*** Opening INFORMATION SUPPLIED ***

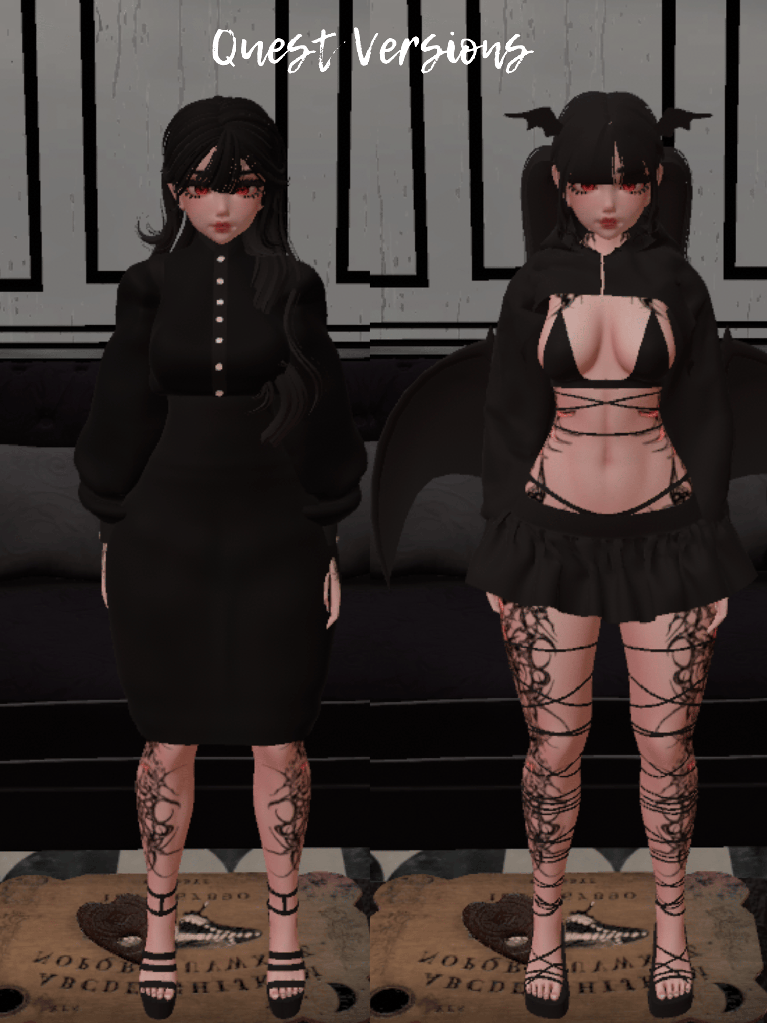 Special thank you to Dusklightsthestars and Tommigatchi for modeling for photos, MaskedTearZ for the showcase video, and to Momma Euthalia (gumroad.com) for helping me with the quest conversion!
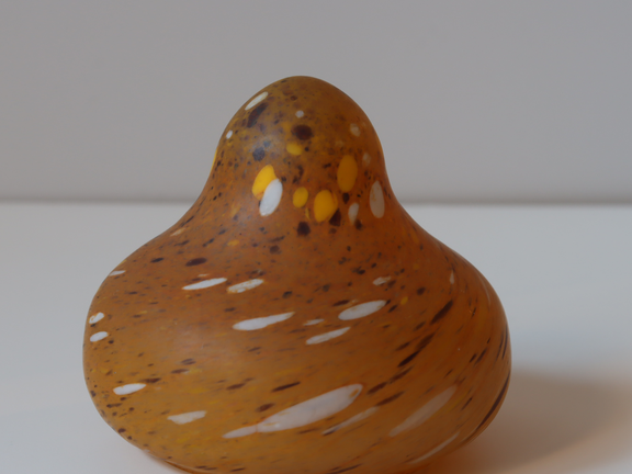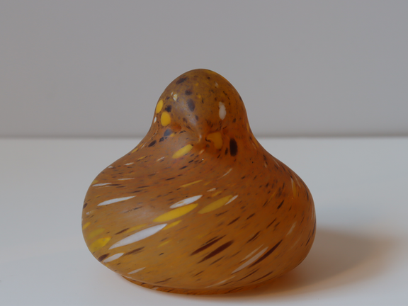 黄色のガラスに別の色の黄色や茶色、白のガラスが付けられています。目の窪みとくちばしの突起がさりげなく分かります。
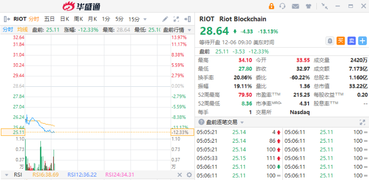 美股区块链概念股盘前走弱,Riot Blockchain(RIOT)跌12%,Coinbase(COIN)跌4.89%,嘉楠科技(CAN)跌3.80%。

*** Closing INFORMATION SUPPLIED ***

» **WORK TASK**:
Your copy should hold only the lines from the line with "黄色のガラスに別の色の黄色や" through the end of the data above, both ends included, transcribed exactly and without pictures.

» **TASK SOLUTION**:
 黄色のガラスに別の色の黄色や茶色、白のガラスが付けられています。目の窪みとくちばしの突起がさりげなく分かります。
 美股区块链概念股盘前走弱,Riot Blockchain(RIOT)跌12%,Coinbase(COIN)跌4.89%,嘉楠科技(CAN)跌3.80%。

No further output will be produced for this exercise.